- **Task goal**:
Please transcribe exactly the lines from the line holding "- 【ふるさと納税】デオトイレ 消臭・抗菌" through the end of the data below, and skip any pictures.

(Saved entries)
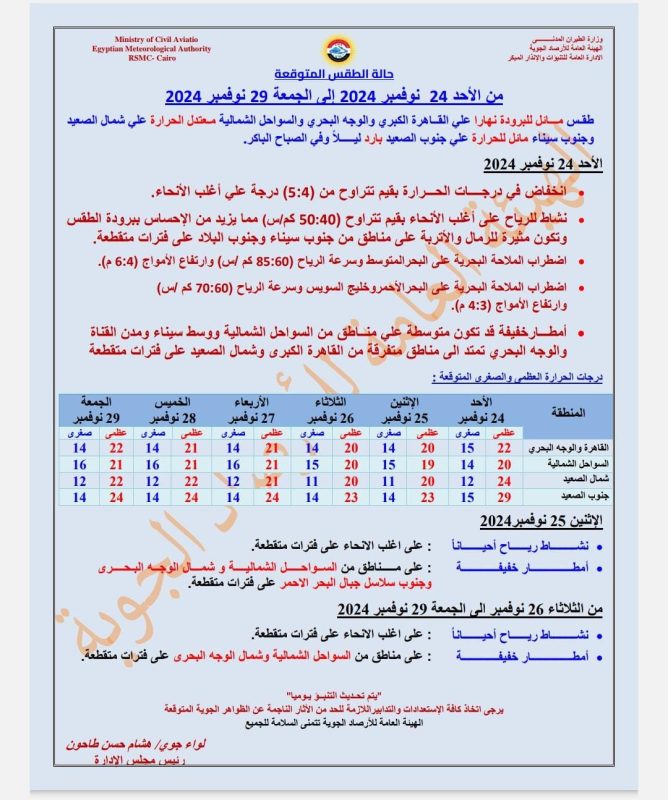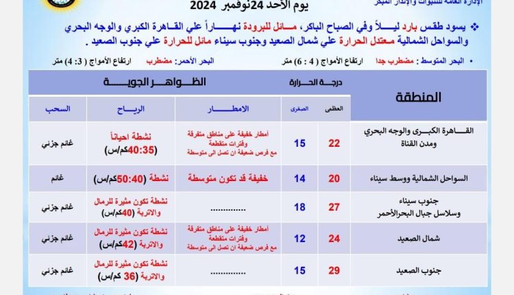 وحذرت الهيئه العامة للأرصاد الجوية من نشاط رياح على كافة الأنحاء تزيد من الإحساس ببرودة الطقس كما تكون مثيرة للرمال والأتربة على المناطق المكشوفة وعلى جنوب سيناء وجنوب البلاد.
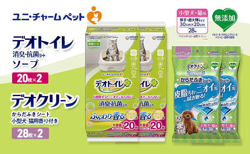 - 【ふるさと納税】デオトイレ 消臭・抗菌 シート ナチュラルソープ 20枚×2 デオクリーン からだふきシート 小型犬・猫用 香り付き 28枚×2 ペットシーツ ペットシート トイレ 猫 猫用トイレ ペット 清潔 ユニ・チャーム お届け:通常ご寄附頂いてから約1~2ヶ月以内に発送
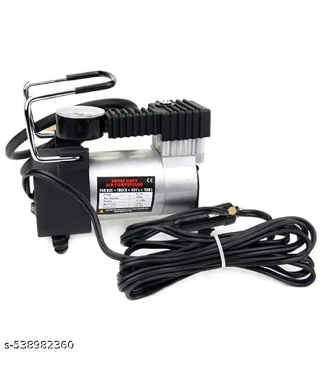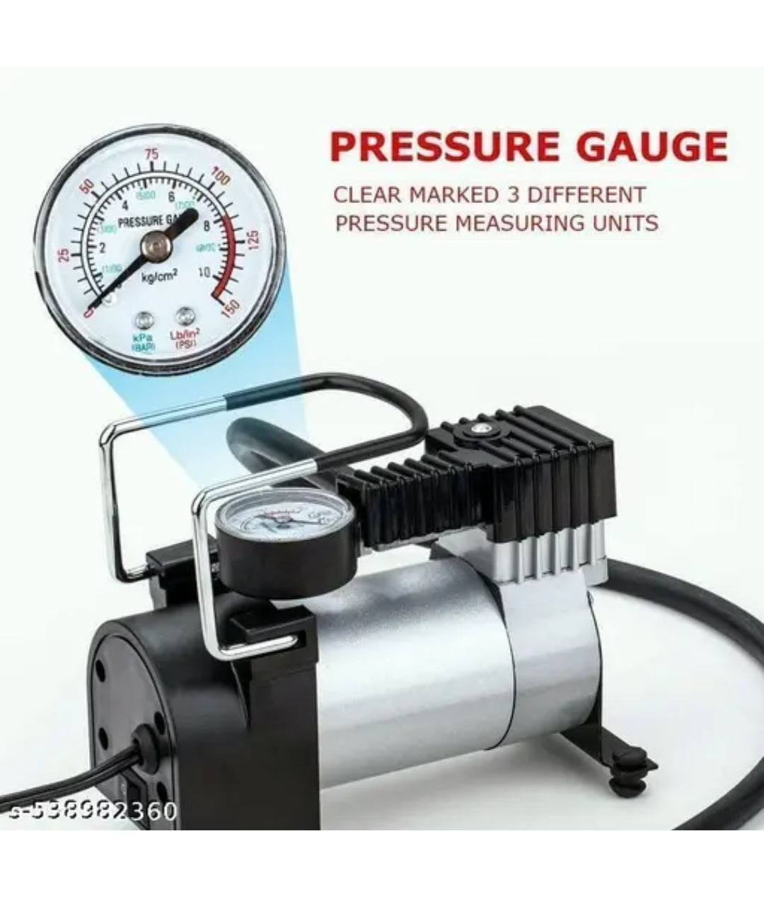 This heavy-duty air compressor pump is engineered for high-performance inflation of tires on buses, trucks, SUVs, and vans. It features a durable metal body with an integrated analog pressure gauge clearly marked in three units—kg/cm², kPa, and PSI—for precise monitoring. The unit supports a maximum pressure of up to 150 PSI, making it ideal for heavy vehicle use. Its stable base, reinforced handle, and high-capacity motor ensure efficient and reliable operation. Perfect for both professional and emergency use, this compressor is a robust solution for all your inflation needs.
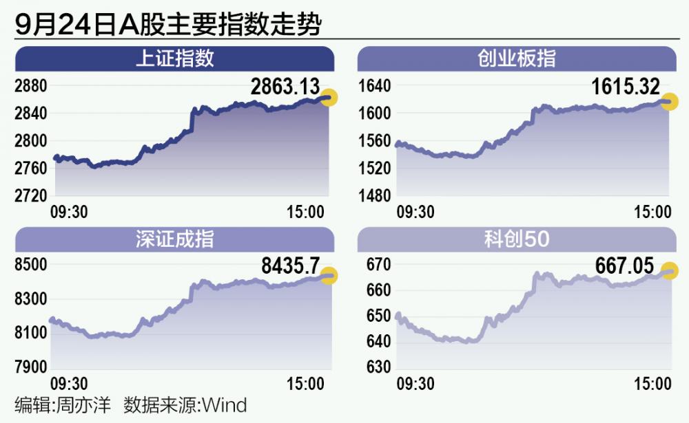 9月24日早间消息公布后,A股三大指数开盘均涨超1%,并于此后持续上行。截至收盘,沪指涨4.15%,收报2863.13点;深证成指涨4.36%,收报8435.70点;创业板指涨5.54%,收报1615.32点,主要宽基指数和31个申万一级行业更是全部收红。
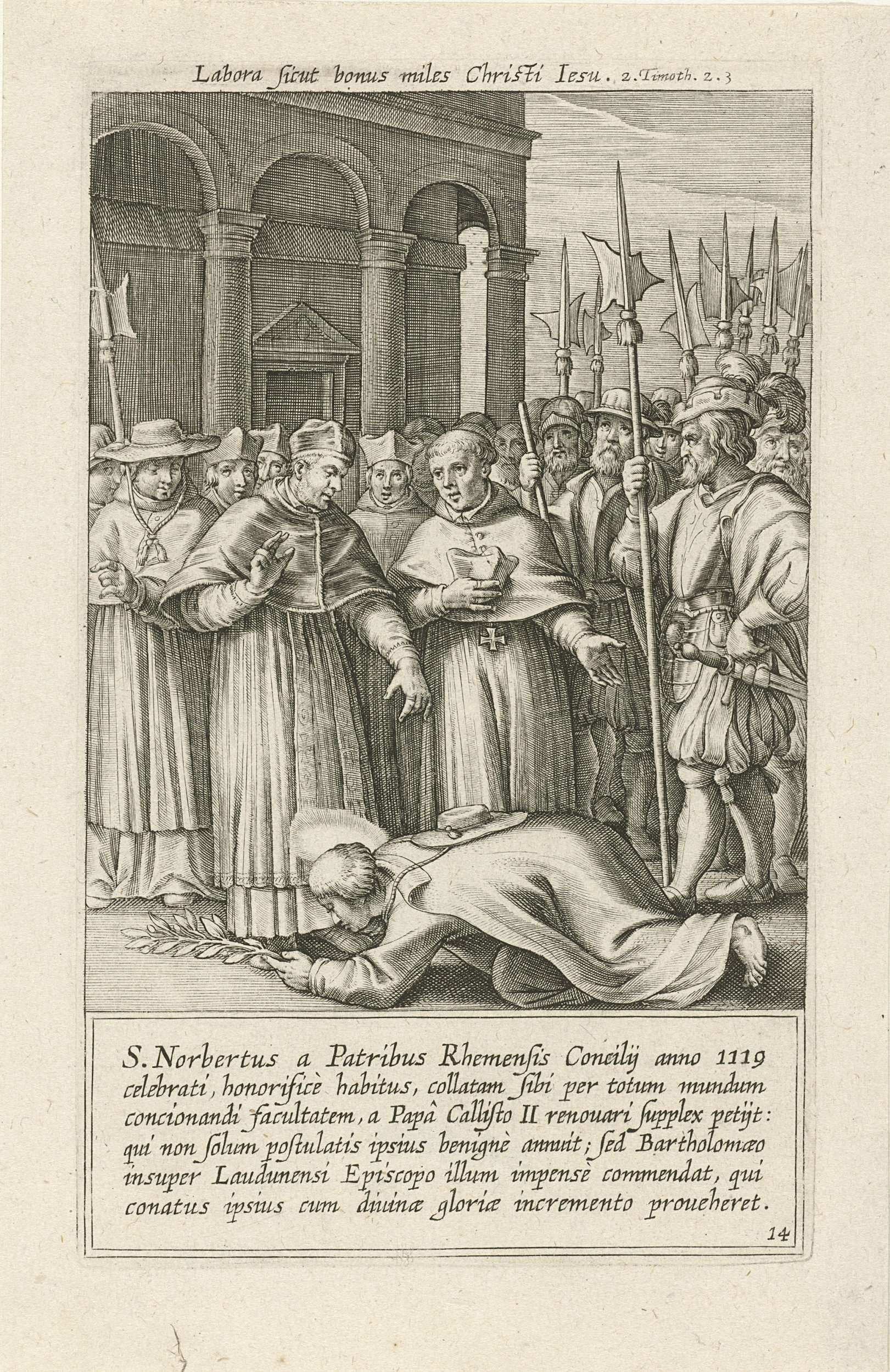 De heilige Norbertus knielt voor paus Calixtus II en kust zijn voeten. De prent heeft twee Latijnse opschriften: een boven en een onder de voorstelling.
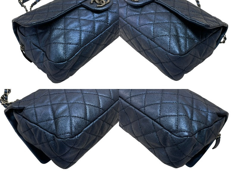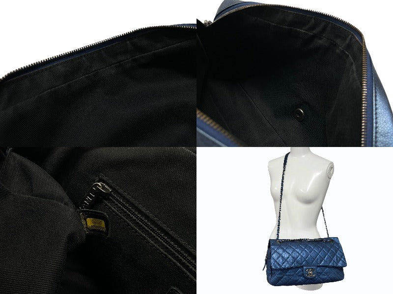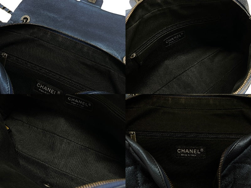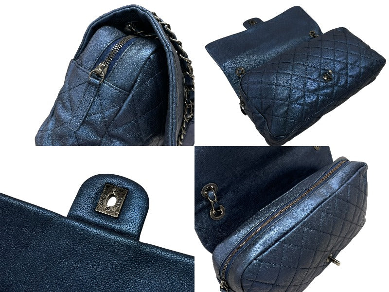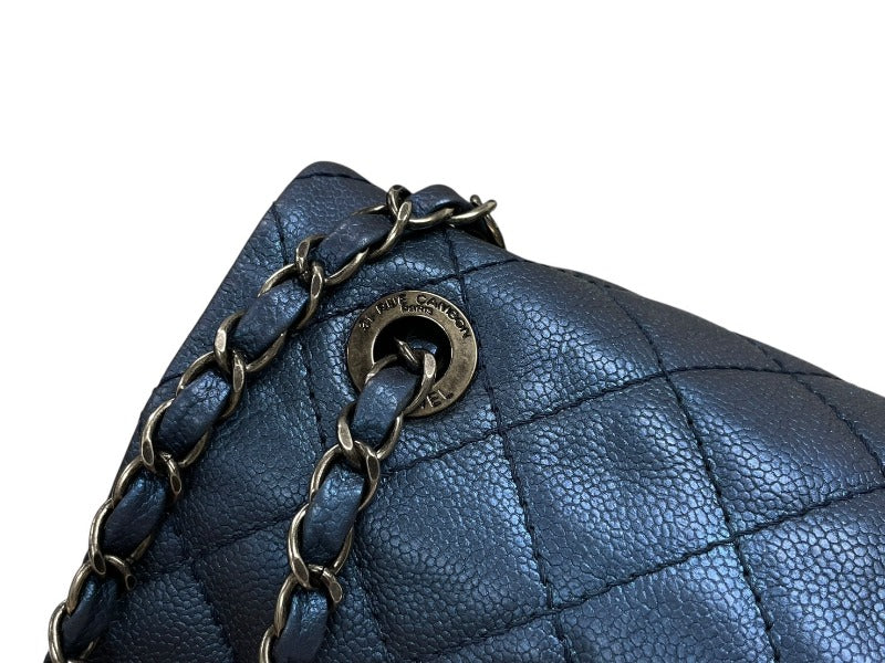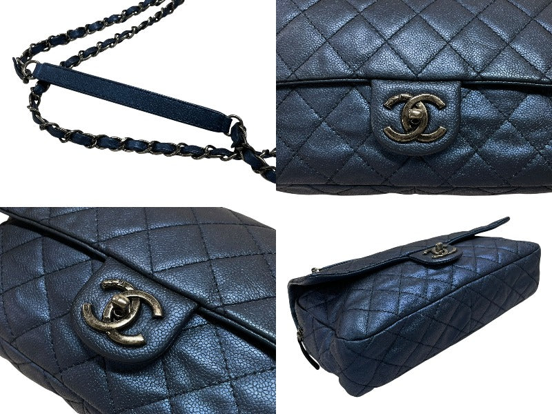 CHANEL シャネル Sフラップ Wチェーンショルダーバッグ 18番台 ココマーク キャビアスキン メタリックブルー 美品 中古 4b007489

- **Output for this task**:
 - 【ふるさと納税】デオトイレ 消臭・抗菌 シート ナチュラルソープ 20枚×2 デオクリーン からだふきシート 小型犬・猫用 香り付き 28枚×2 ペットシーツ ペットシート トイレ 猫 猫用トイレ ペット 清潔 ユニ・チャーム お届け:通常ご寄附頂いてから約1~2ヶ月以内に発送
 This heavy-duty air compressor pump is engineered for high-performance inflation of tires on buses, trucks, SUVs, and vans. It features a durable metal body with an integrated analog pressure gauge clearly marked in three units—kg/cm², kPa, and PSI—for precise monitoring. The unit supports a maximum pressure of up to 150 PSI, making it ideal for heavy vehicle use. Its stable base, reinforced handle, and high-capacity motor ensure efficient and reliable operation. Perfect for both professional and emergency use, this compressor is a robust solution for all your inflation needs.
 9月24日早间消息公布后,A股三大指数开盘均涨超1%,并于此后持续上行。截至收盘,沪指涨4.15%,收报2863.13点;深证成指涨4.36%,收报8435.70点;创业板指涨5.54%,收报1615.32点,主要宽基指数和31个申万一级行业更是全部收红。
 De heilige Norbertus knielt voor paus Calixtus II en kust zijn voeten. De prent heeft twee Latijnse opschriften: een boven en een onder de voorstelling.
 CHANEL シャネル Sフラップ Wチェーンショルダーバッグ 18番台 ココマーク キャビアスキン メタリックブルー 美品 中古 4b007489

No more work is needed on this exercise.